As is often the case, hard times can create opportunity and spur innovation. So Maine's wood pellet stove vendors are doing a land-office business and some can't even keep the stoves in stock. That, in turn, is prompting a run on pellets and the new mills turning out those pellets can barely keep up with the demand.
While such demand can drive up prices, it's also evidence that a renewable, Maine-grown and Maine-processed alternative energy product -- wood pellets made from Maine trees -- has a viable and increasing market.
Likewise, there's progress on alternative energy on the municipal front, where land-use ordinances are being adopted to regulate residential wind turbines.
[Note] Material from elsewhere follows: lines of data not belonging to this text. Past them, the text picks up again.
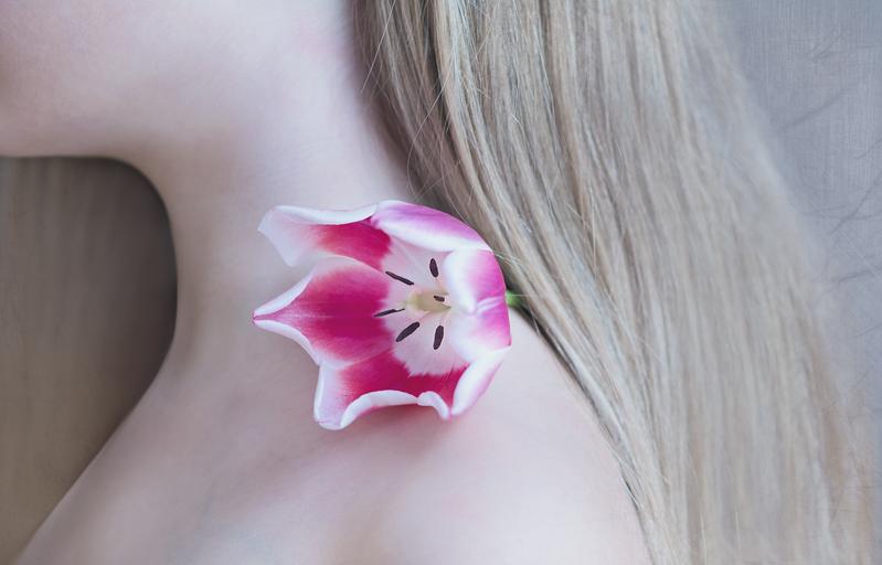 Keywords: tulip flower pink white blossom bloom human female shoulder hair close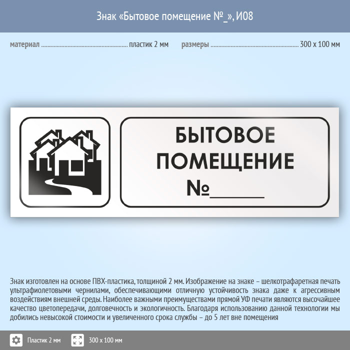 Знак «Бытовое помещение №_», И08 (пластик, 300х100 мм) в Лобне купить
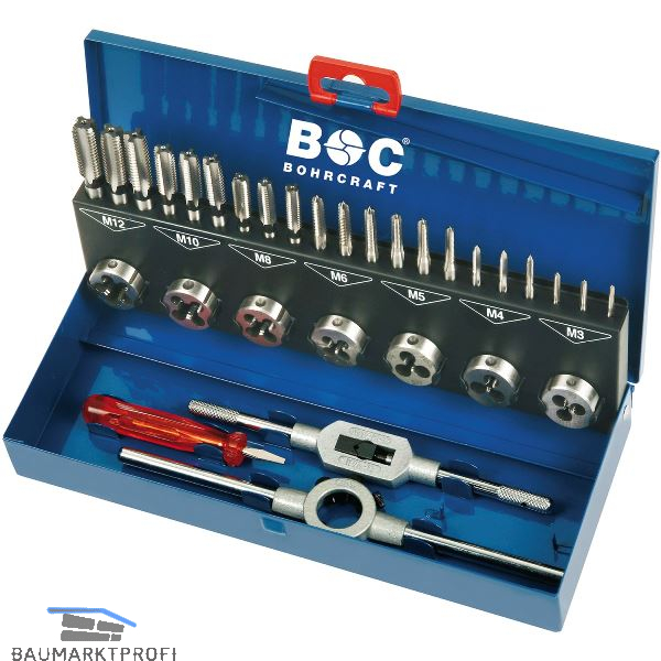 Marke: Bohrcraft Gewindegröße: M3 - M12 Gewindebohrer und Schneideisen: M 3 / 4 / 5 / 6 / 8 / 10 / 12, Haltewerkzeuge und Schraubendreher Schneideisenhalter: DIN 225 25 x 9 Windeisen Gr.: DIN 1814 Gr. 1,5 Satzgröße: 31-tlg. Material: HSSG Type: GS 25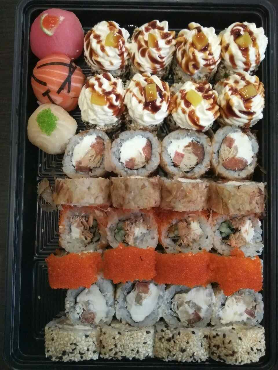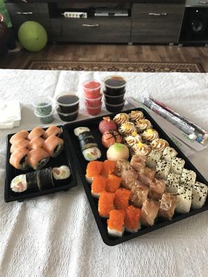 - Внимание! К предзаказу на 31.12 доступны: сет "Новогодний", "Мамины радости", "Макеба", "Ясахи", "Филадельфия", "Каприз", "Игра в кальмара", "Можно всё!", "Мама босс", "Палитра вкуса", "Муж купил", "Биг босс", "Мафия", "Манга", роллы Урамаки, все напитки и гарниры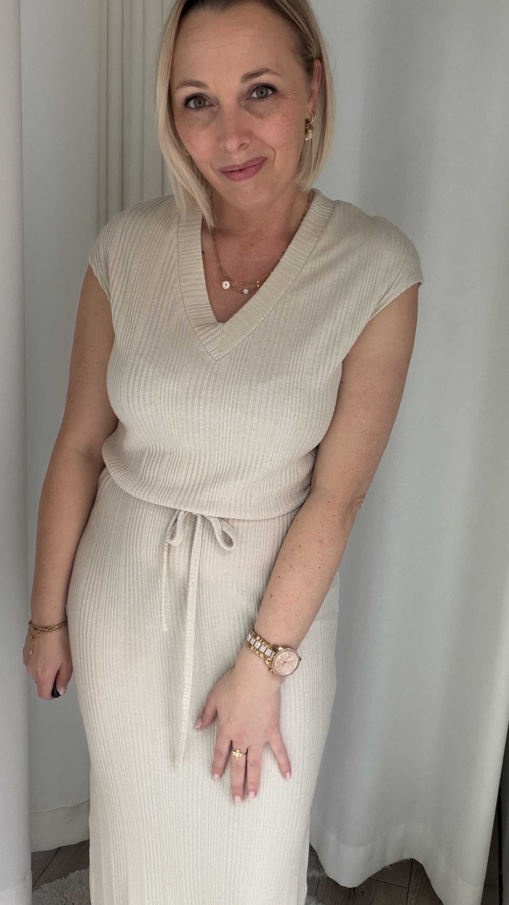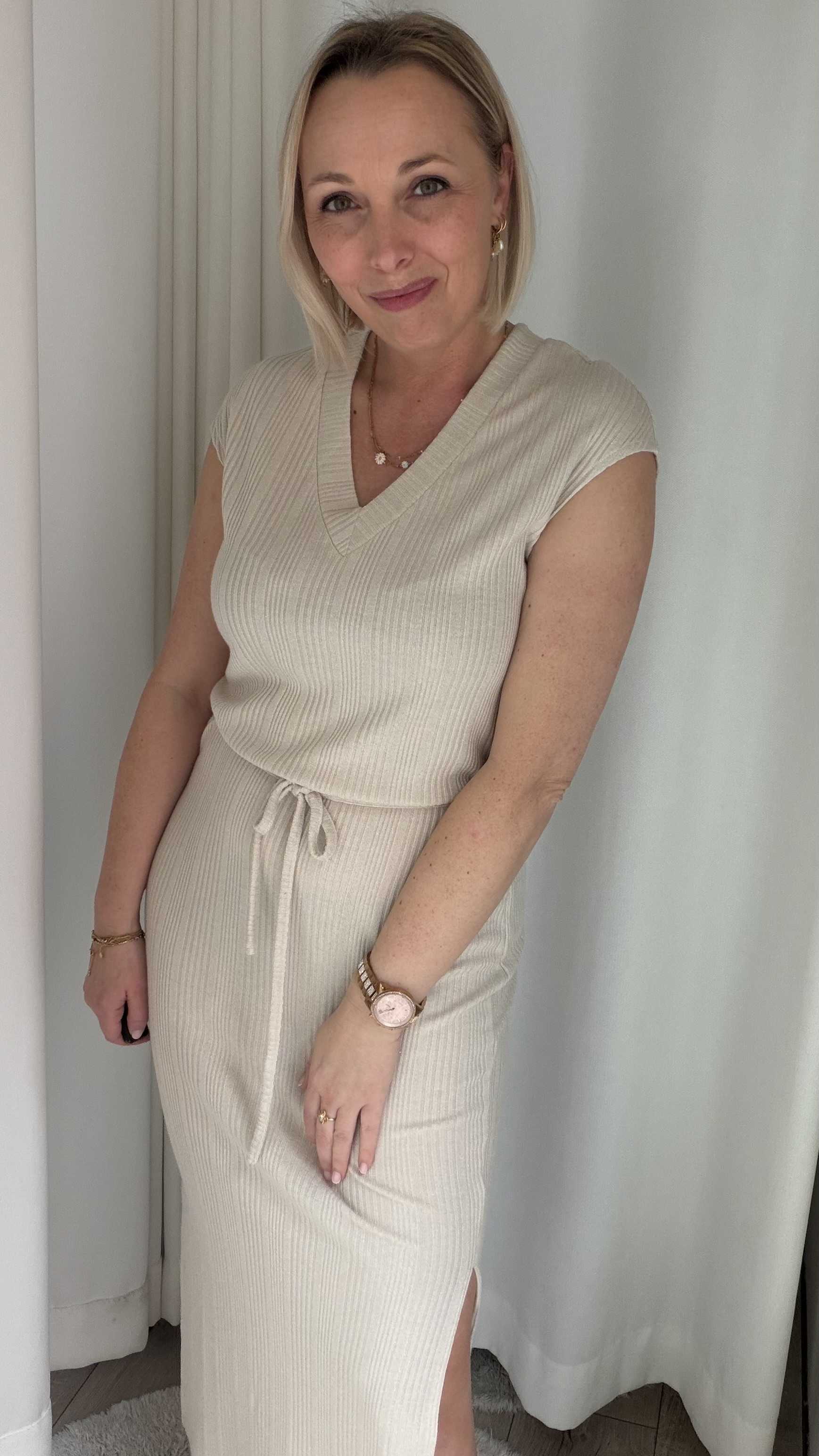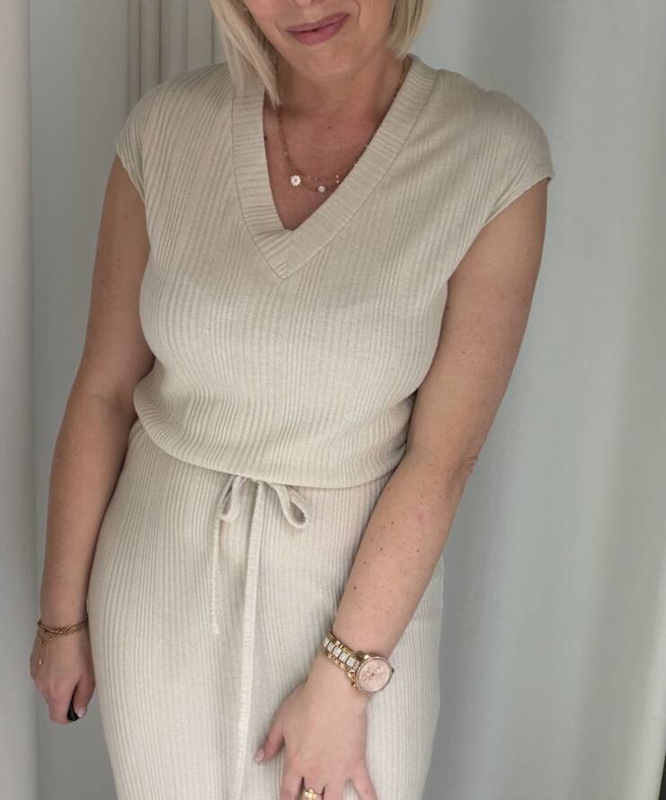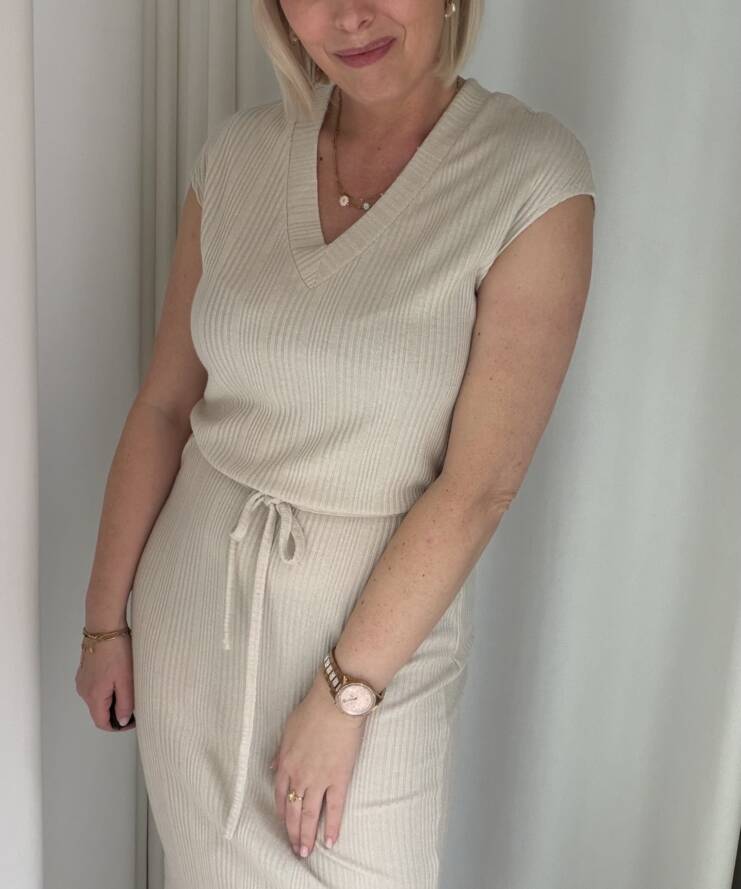 Deze tijdloze midi jurk is een perfecte combinatie van comfort en elegantie. Uitgevoerd in een zachte, neutrale beige tint straalt dit item rust en klasse uit. De subtiele ribstructuur zorgt voor een mooie, aansluitende pasvorm en geeft de jurk een verfijnde uitstraling.

When many of the state's municipal land-use ordinances were written and adopted, there wasn't demand for small windmills of the sort that are now becoming commercially available. There's still not much demand for the units, which can cost upwards of $6,000. But just in case, Manchester residents recently adopted a new ordinance that sets setback, noise, size and other design standards for wind turbines on residential property.
The town joins Damariscotta, Eliot and Wiscasset in adopting such an ordinance.
While the cost of energy is rapidly becoming a political issue of serious consequence -- for example, pitting prominent Republicans who favor expanding oil drilling off the nation's coastline against prominent Democrats who reject it -- this expansion of alternative energy opportunities in Maine is not about politics at all.
Instead, it's about the options chosen by those with little choice but to change, innovate and, ultimately, choose a more sustainable way of keeping warm.
That's not political; it's just common sense, with which Mainers are once again proving themselves amply endowed.